Visual-RRT unifies differentiable rendering with RRT sampling to plan robot paths from images.

A machine-rendered reading of the paper's core claim, the machinery that carries it, and where it could break.

The paper aims to show that standard RRT planners, which normally need exact joint-angle goals, can instead work with visual goals like images by using gradients computed from differentiable rendering of the robot's appearance. This matters for real applications where goals come from cameras or videos rather than precise numerical specs. The approach adds a frontier strategy to focus on promising areas and carries optimization momentum across tree branches.

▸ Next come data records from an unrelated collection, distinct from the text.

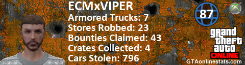 [URL=http://GTAonlinestats.com/showplayer/ECMxVIPER][IMG]http://GTAonlinestats.com/crimesignature/ECMxVIPER/sig.png[/IMG][/URL]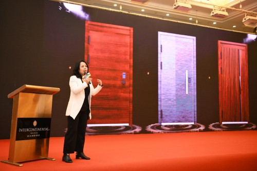 德盾市場部經理程潔女士是德盾安全門品牌的產品總設計師,通過程經理圖文并茂的講解,把德盾產品2019年的升級優勢分析得很透徹,讓在座的經銷商一目了然,對德盾有了更深入的了解。程經理站在設計師的角度,闡述產品的設計理念,把最新的家居潮流風格和對應的新品推薦給大家,一下子把大家的心都給嗨起來。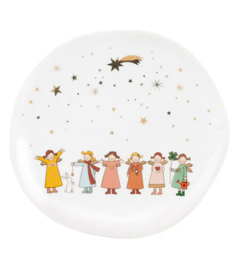 Hyggelig tallerken med 6 små glade engle. Over dem er en smuk stjernehimmel.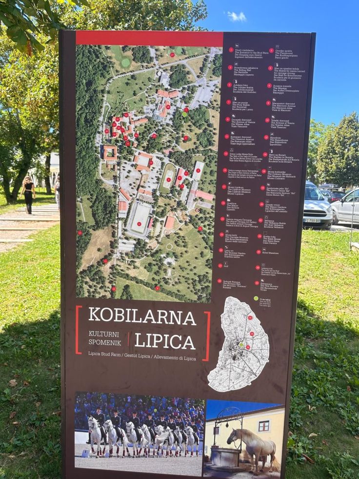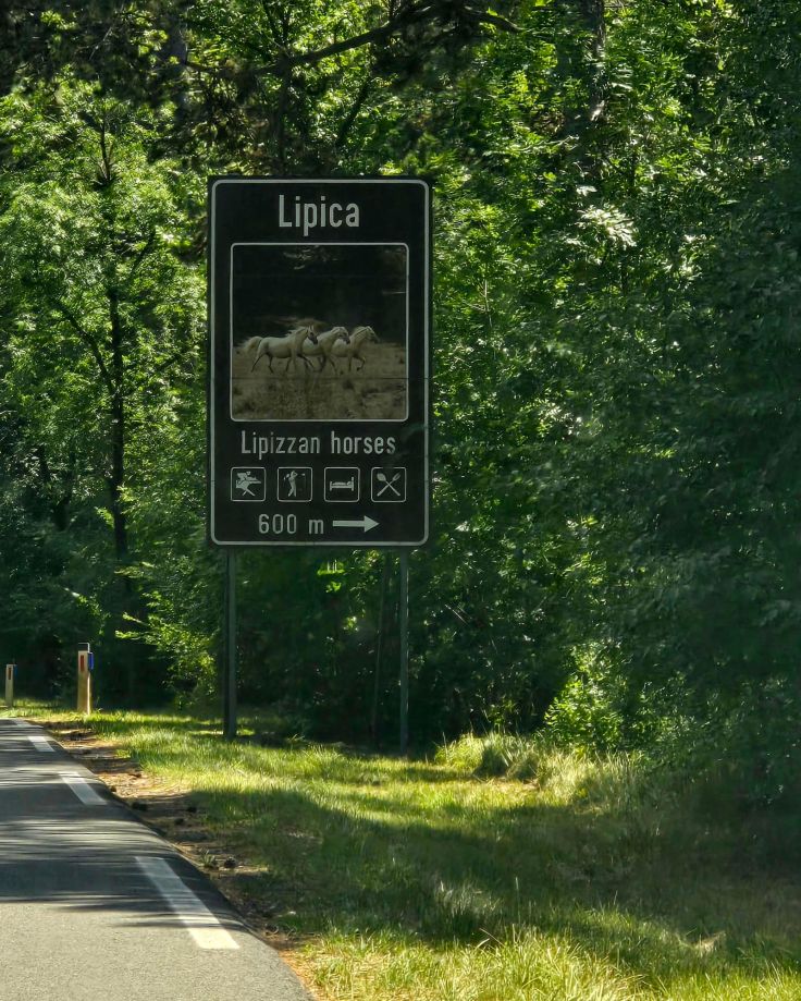 Lipica liegt in der Nachbarschaft von Sezana unweit der slowenisch-italienischen Grenze. Die zahlreichen Hinweisschilder sind kaum zu verfehlen. Einer hübschen Allee folgend, landen wir alsbald auf einem (kostenpflichtigen) Parkplatz vor dem Gestüt. Ein großes Hinweisschild verrät uns, was es hier alles gibt: diverse Koppeln, Ställe, Reithallen, ein Hippodrom, Museen. Ferner eine Infrastruktur für das zu erwartende Publikum: ein Golfplatz, Tennisplätze, Restaurants, ein Kasino. Für das Gestüt können Tickets erworben werden für allgemeine Führungen, zur Besichtigung des Trainings und/oder zu Aufführungen der Reitschule. Nun ja, ich (und auch die übrigen Familienmitglieder) sind keine so großen Pferdefans und wir lassen daher alles Kostenpflichtige links liegen. Lieber laufen wir ein Stück die Koppeln entlang – und das hat mich dann doch fasziniert. Hunderte weiße Lipizzaner und deren braune Fohlen grasen auf den zahlreichen Koppeln links und rechts der Straße, ein malerisch-friedliches Bild vor dem strahlend blauen Himmel. Und Kontaktfreude kann ich den hübschen Pferdchen auch attestieren – das gefällt mir dann doch ganz gut hier :-).

Experiments on several robot arms show it works in simulation and on physical hardware.

Core claim

By combining gradient descent steps from differentiable robot rendering with the tree expansion of RRT, the planner can explore toward visual targets, with adaptive prioritization of search regions and inherited gradient states for consistent progress.

What carries the argument

Differentiable rendering of the robot state to compute visual matching gradients that guide RRT tree growth.

If this is right

  • Planning becomes possible when only visual observations of the goal are available.
  • Performance demonstrated on Franka, UR5e, and Fetch robots in both sim and real.
  • Adaptive strategies improve efficiency over standard RRT in visual settings.
  • Bridges the gap between classical sampling planners and vision-based robotics.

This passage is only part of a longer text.